The varied marginal utility and occasional negative interaction observed among auxiliary feature types suggest that naïve concatenation is suboptimal for harnessing complementary semantic signals, especially where city heterogeneity or slum morphological diversity is high. There is a clear need for structured cross-modal fusion mechanisms (e.g., gated attention, alignment networks) to maximize downstream utility.

Limitations and Future Directions

Several limitations arise: (1) All evaluation utilizes GRAM pseudo-masks as reference, not independent field data; (2) Auxiliary feature fusion is naïve and lacks adaptive interplay modeling; (3) Five cities fall below usability thresholds, indicating that representation limits and city-level morphology constrain applicability; (4) Residual predictions exhibit spatial clustering, which is unmitigated by the current modeling paradigm.

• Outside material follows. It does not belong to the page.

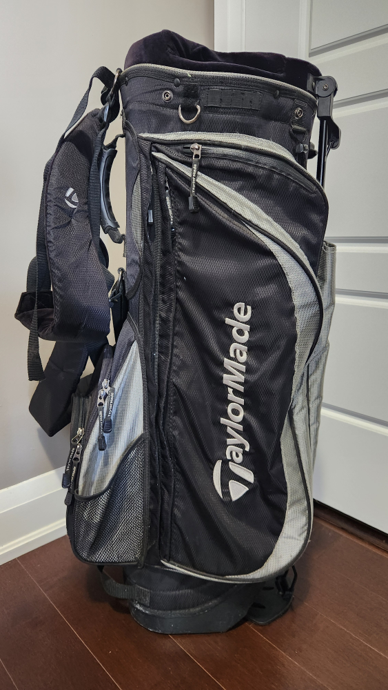 78TaylorMade stand bag with rain hood: - 7-way top with one being a dedicated putter. - 7 zipper pockets (2 large for clothing, 4 for accessories/balls, 1 with soft lining for valuables like keys, phone, and wallet. - 3 mesh pockets for drinks. - 1 Umbrella slot. - Black with greyish/silver accents. Bag in great condition with all zippers working and no rips. Asking $150.

Future technical priorities include: advanced feature fusion schemes; mixture-of-experts or city-adaptive downstream routing; targeted integration of higher resolution or auxiliary imagery for fine gradient tasks; and explicit spatial regularization or graph-based modeling to address correlated error.

Conclusion

This study delivers the first rigorous, cross-city evaluation of foundation-model-based representation learning for pixel-scale slum classification and density mapping. While AEF embeddings at 10 m enable reproducible and scalable slum boundary detection in global applications, significant constraints persist for density regression and cross-city transfer, with practical accuracy tightly coupled to the interaction of slum prevalence, morphology, and auxiliary feature availability. These empirical results advance the quantitative understanding of foundation geospatial model limitations and set new benchmarks for actionable slum monitoring using public embeddings and lightweight models.

Future advances in adaptive model architectures, multi-source fusion, and resolution-sensitive representation learning will further enhance the practical impact of foundation models in urban poverty mapping and globally standardized monitoring.